## WORK ORDER
When you reach the line in the data below that contains "Cumhuriyet Halk Fırkası'nın", please start repeating lines exactly, and stop after the line that contains "パンフレット用スタンド", repeating nothing else.

•••••

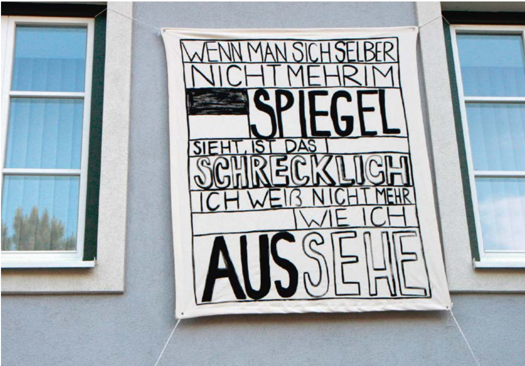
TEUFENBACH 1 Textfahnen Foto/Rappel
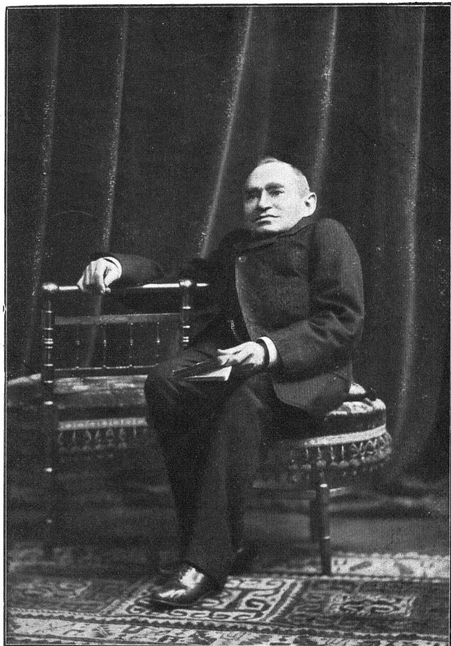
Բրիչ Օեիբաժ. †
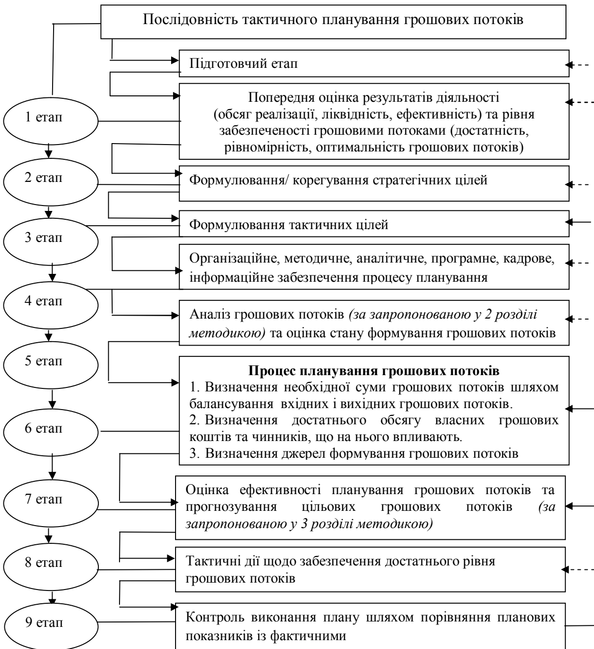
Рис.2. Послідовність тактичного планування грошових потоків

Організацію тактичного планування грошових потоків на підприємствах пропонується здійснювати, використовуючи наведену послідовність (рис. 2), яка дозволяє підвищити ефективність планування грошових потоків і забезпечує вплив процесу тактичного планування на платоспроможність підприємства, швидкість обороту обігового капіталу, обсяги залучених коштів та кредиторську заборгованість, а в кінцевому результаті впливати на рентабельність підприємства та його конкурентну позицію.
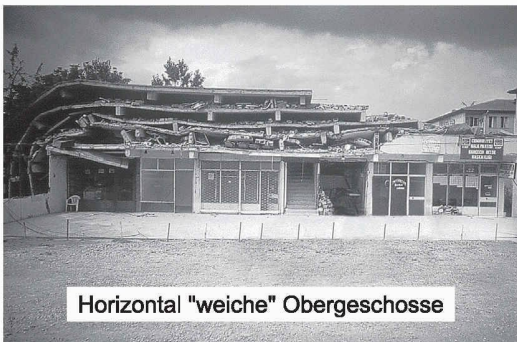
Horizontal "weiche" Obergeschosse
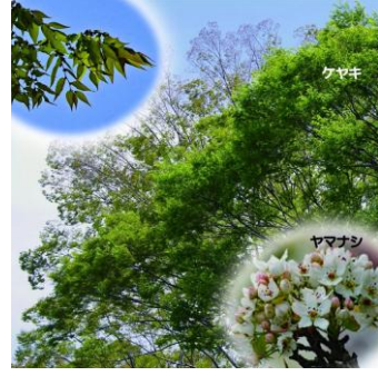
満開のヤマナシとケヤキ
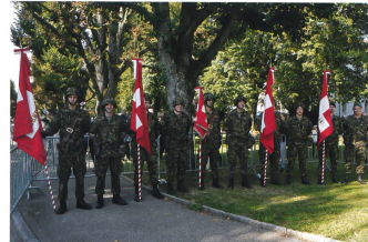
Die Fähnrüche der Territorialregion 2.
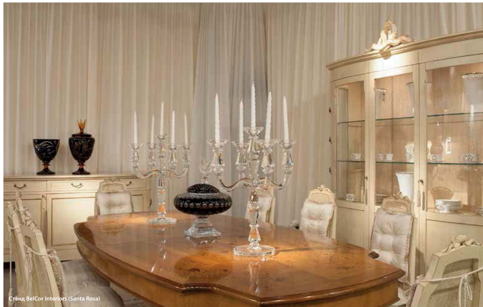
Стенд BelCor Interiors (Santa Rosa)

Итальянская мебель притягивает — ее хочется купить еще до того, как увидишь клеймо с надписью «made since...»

•••••

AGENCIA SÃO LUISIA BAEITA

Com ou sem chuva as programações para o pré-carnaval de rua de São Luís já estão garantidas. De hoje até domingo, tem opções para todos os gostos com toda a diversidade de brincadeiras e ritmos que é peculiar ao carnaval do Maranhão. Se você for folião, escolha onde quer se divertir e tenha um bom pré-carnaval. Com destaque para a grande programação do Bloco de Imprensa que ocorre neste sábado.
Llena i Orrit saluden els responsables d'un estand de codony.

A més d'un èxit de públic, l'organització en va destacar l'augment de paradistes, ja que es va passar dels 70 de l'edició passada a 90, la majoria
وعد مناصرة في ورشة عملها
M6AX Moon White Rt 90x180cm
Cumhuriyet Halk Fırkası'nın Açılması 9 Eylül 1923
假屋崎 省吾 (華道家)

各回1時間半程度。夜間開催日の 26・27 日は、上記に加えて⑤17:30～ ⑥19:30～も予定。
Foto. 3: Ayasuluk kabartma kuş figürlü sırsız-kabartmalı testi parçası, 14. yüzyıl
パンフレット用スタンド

•••••

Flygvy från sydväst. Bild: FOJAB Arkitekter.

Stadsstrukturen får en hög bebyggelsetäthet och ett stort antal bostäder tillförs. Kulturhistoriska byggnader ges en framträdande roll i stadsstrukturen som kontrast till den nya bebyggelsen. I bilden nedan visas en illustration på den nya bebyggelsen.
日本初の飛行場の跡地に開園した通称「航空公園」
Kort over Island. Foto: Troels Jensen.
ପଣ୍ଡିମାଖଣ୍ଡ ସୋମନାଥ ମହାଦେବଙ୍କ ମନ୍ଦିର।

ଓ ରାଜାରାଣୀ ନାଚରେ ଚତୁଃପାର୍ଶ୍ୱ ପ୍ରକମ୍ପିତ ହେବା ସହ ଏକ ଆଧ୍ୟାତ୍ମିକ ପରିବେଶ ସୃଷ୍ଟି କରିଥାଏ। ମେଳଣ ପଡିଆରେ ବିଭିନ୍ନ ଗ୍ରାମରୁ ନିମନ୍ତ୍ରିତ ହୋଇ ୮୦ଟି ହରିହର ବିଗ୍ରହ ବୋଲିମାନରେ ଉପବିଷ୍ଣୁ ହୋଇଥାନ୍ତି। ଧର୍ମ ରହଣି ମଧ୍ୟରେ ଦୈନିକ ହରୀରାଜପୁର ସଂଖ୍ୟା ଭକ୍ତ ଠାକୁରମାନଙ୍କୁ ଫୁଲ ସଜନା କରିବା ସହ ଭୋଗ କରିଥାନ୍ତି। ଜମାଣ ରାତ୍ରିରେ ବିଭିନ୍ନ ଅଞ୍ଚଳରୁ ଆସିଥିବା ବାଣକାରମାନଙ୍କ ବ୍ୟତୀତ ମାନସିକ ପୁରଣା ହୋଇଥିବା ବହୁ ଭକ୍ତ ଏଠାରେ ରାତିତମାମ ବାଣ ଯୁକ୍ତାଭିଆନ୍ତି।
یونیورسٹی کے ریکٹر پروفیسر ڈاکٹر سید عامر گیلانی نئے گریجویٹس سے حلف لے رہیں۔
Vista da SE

•••••

## OUTPUT BELOW
Cumhuriyet Halk Fırkası'nın Açılması 9 Eylül 1923
假屋崎 省吾 (華道家)

各回1時間半程度。夜間開催日の 26・27 日は、上記に加えて⑤17:30～ ⑥19:30～も予定。
Foto. 3: Ayasuluk kabartma kuş figürlü sırsız-kabartmalı testi parçası, 14. yüzyıl
パンフレット用スタンド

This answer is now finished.